Bug 88868 - less using latin1 charset doesn't display binary files correctly
Summary: less using latin1 charset doesn't display binary files correctly
Keywords:
Status: CLOSED CURRENTRELEASE
Alias: None
Product: Red Hat Linux
Classification: Retired
Component: less
Version: 9
Hardware: i686
OS: Linux
medium
medium
Target Milestone: ---
Assignee: Karsten Hopp
QA Contact: Mike McLean
URL:
Whiteboard:
Depends On:
Blocks:
TreeView+ depends on / blocked
 
Reported: 2003-04-15 03:32 UTC by System Detection Staff
Modified: 2007-04-18 16:53 UTC (History)
4 users (show)

Fixed In Version:
Doc Type: Bug Fix
Doc Text:
Clone Of:
Environment:
Last Closed: 2004-03-29 09:09:03 UTC
Embargoed:


Attachments (Terms of Use)

Description System Detection Staff 2003-04-15 03:32:51 UTC
From Bugzilla Helper:
User-Agent: Mozilla/5.0 (X11; U; Linux i686; en-US; rv:1.2.1) Gecko/20030225

Description of problem:
When less is configured to use the latin1 characterset via the LESSCHARSET
environmental variable (or -Klatin1), several high-bit characters are displayed
as "&" instead of something more useful.  I accept the need for foreign language
support, but latin1 seems pretty standard and regardless it should display
*something* different for different characters instead of substituting some
constant character.

While unsetting LESSCHARSET appears like a potential workaround, this prevents
the displaying of files containing the european character set.
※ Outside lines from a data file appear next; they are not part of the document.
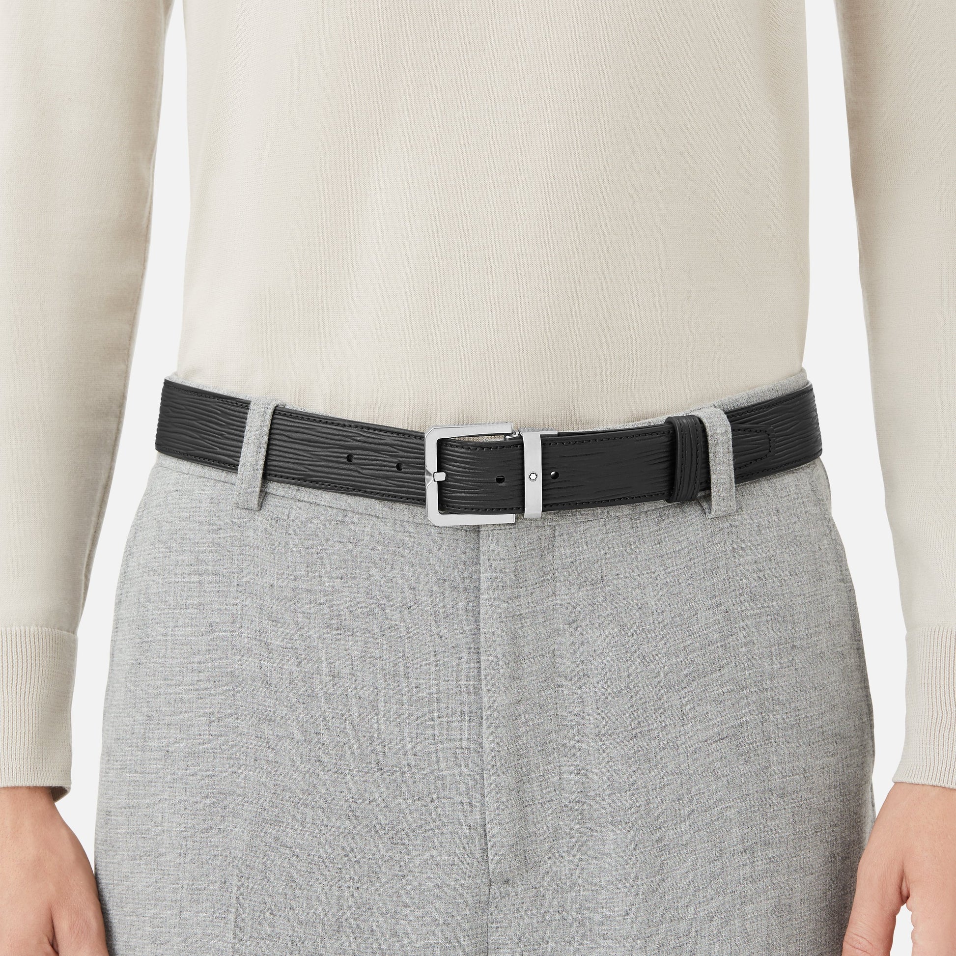 Textured in high-quality leather, this 35mm black belt features a tree-bark motif print throughout its length. The square-shaped buckle offers a timeless touch to this bold piece, which is detailed with contrasting gray lining.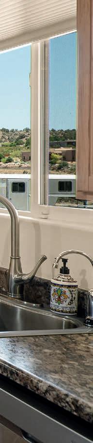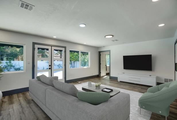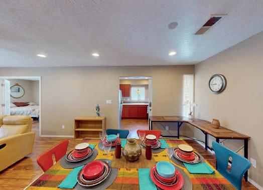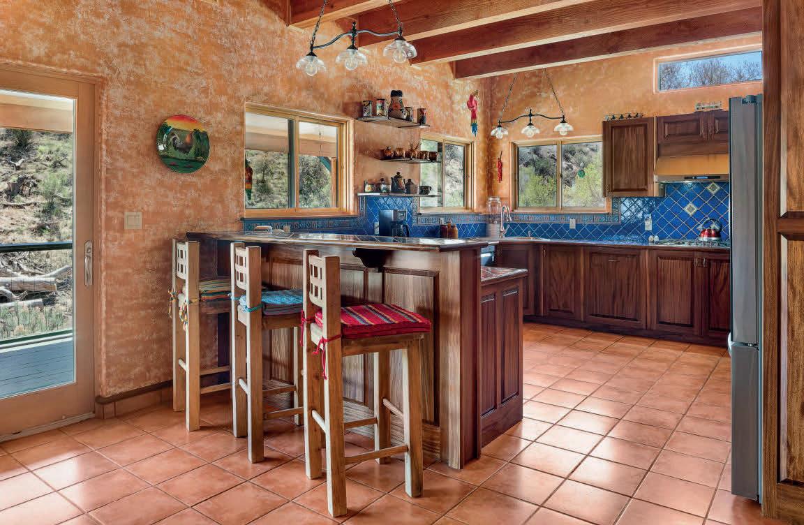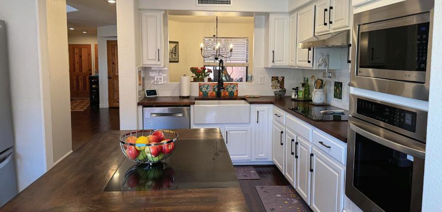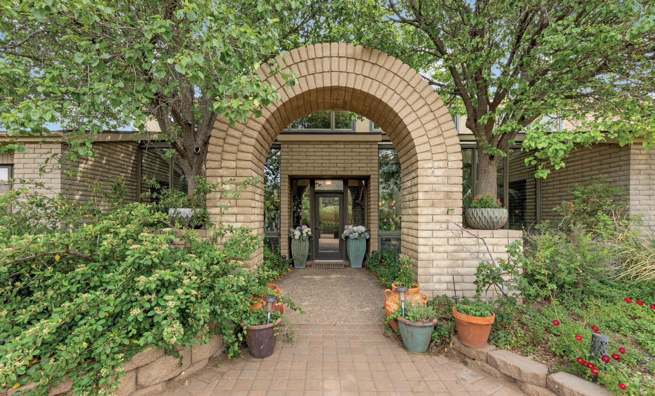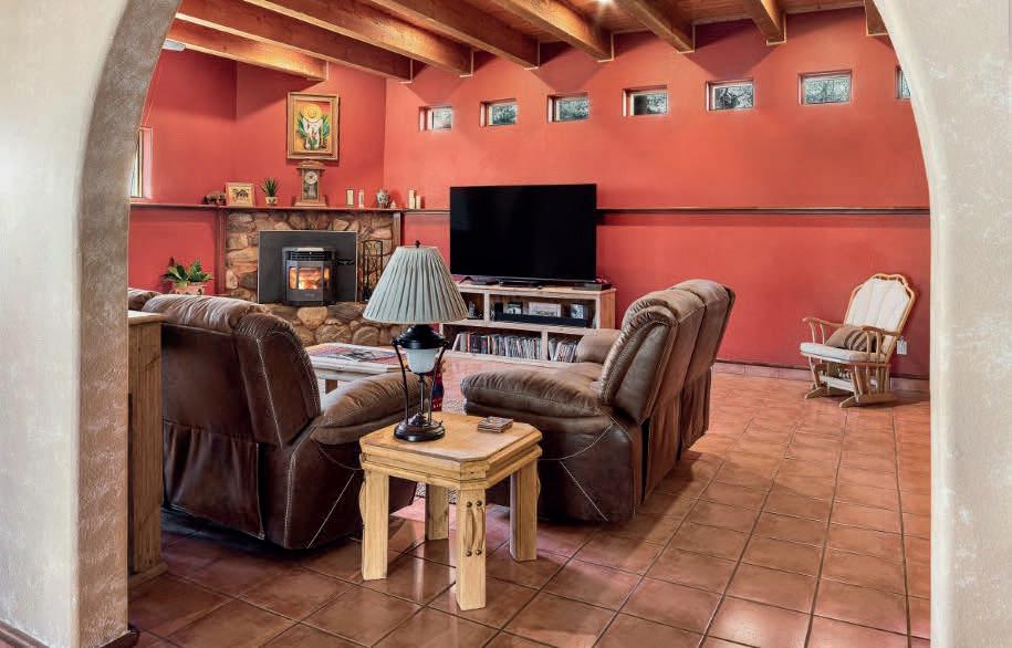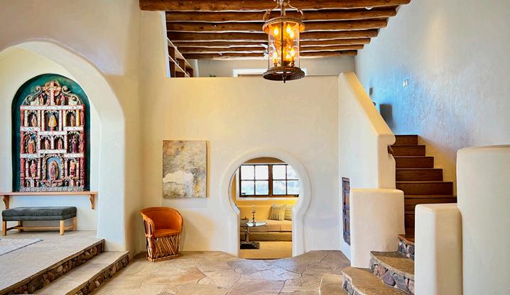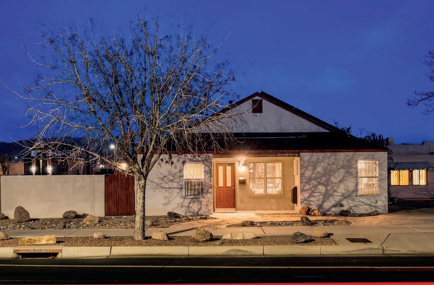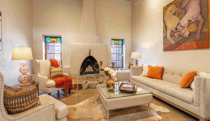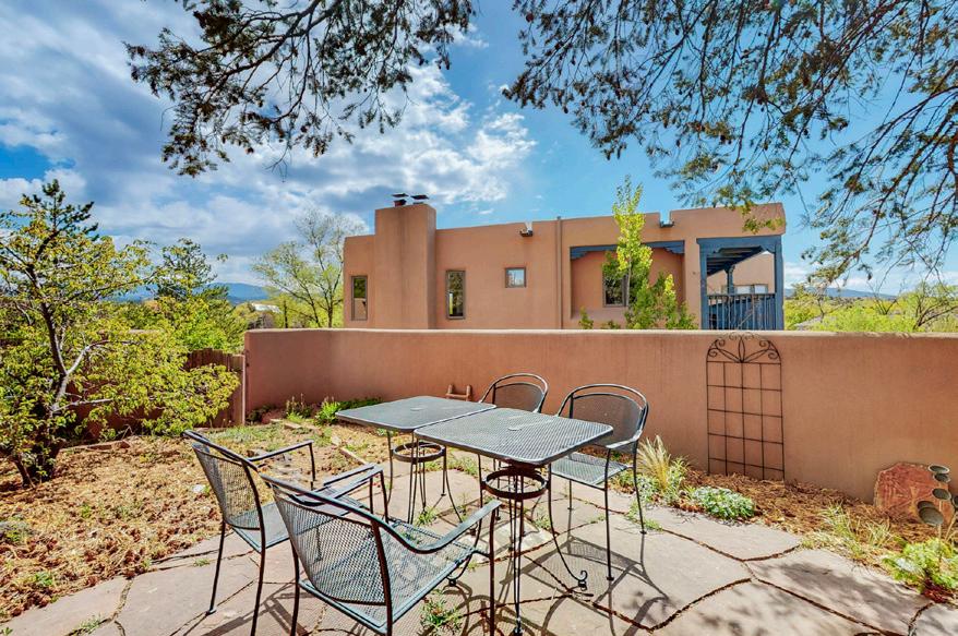 Located in an idyllic, prominent Eastside location on Upper Canyon Road, this 4BR/5BA (3BR/4BA main house and 1BR/1BA attached guest suite) appx 3,800 sq ft fully renovated/new construction residence on appx .45 acres has clean lines and an openconcept design with a large chef’s kitchen with custom cabinets, stainless appliances, a farmhouse sink, a large center island, and a casual dining area. The grand living room and dining room with vaulted ceilings is light and bright with a plethora of windows. There are marble tile and wood floors throughout, an exceptional, grand master suite with walk-in closet, artisan stained glassed windows, and en-suite bathroom with separate bath and glass shower. There is a privacy wall in the front and back, delightful outdoor portal/ patio alfresco dining areas, and a spacious oversized one-car garage with extra storage space. The property is situated on Upper Canyon Road, across from the Santa Fe River Park and Cristo Rey church, one of the most notable buildings designed by famed Santa Fe architect John Gaw Meem. The church was one of the most ambitious adobe buildings ever undertaken in New Mexico, requiring 150,000–200,000 individual adobe bricks, and is one of the largest adobe buildings in the US. Cristo Rey church is also notable for its historic altar screen, the Reredos of Our Lady of Light (carved in 1761) which is listed on the National Register of Historic Places.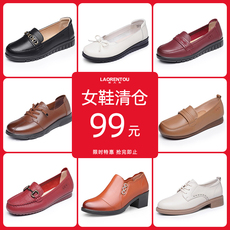 老人头妈妈鞋透气真皮休闲浅口女单鞋断码特价清仓软底软皮休闲鞋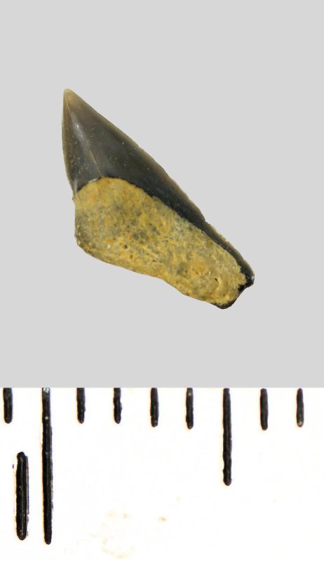 Зуб (фрагмент). Акула. Palaecorax falcatus (Agassiz, 1843). Классификация: Хордовые Chordata, Позвоночные Vertebrata, Хрящевые рыбы Chondrichthyes, Пластиножаберные Elasmobranchii, Акулы Selachii, Ламнообразные Lamniformes, Anacoracidae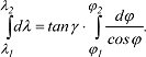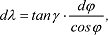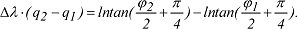 Der Ausdruck dφ/cosφ ist das Differential der isometrischen Breite. Er wird mit dem Symbol dq bezeichnet. Das Einsetzen in die vorherige Gleichung und Integration ergibt:

Substitution of iso8859 is, as you would hope, exactly equivelent.

This was tried both running in an xterm and running on the console.

Note that less 381 (from GNU) and 358+iso247 (RH 7.1) both do the right thing.

Version-Release number of selected component (if applicable):
less-378-7

How reproducible:
Always

Steps to Reproduce:
1.echo -e 'A\201\nA\253\nA&' | /usr/bin/less -Klatin1


Actual Results:  The second and third lines appear the same "A&"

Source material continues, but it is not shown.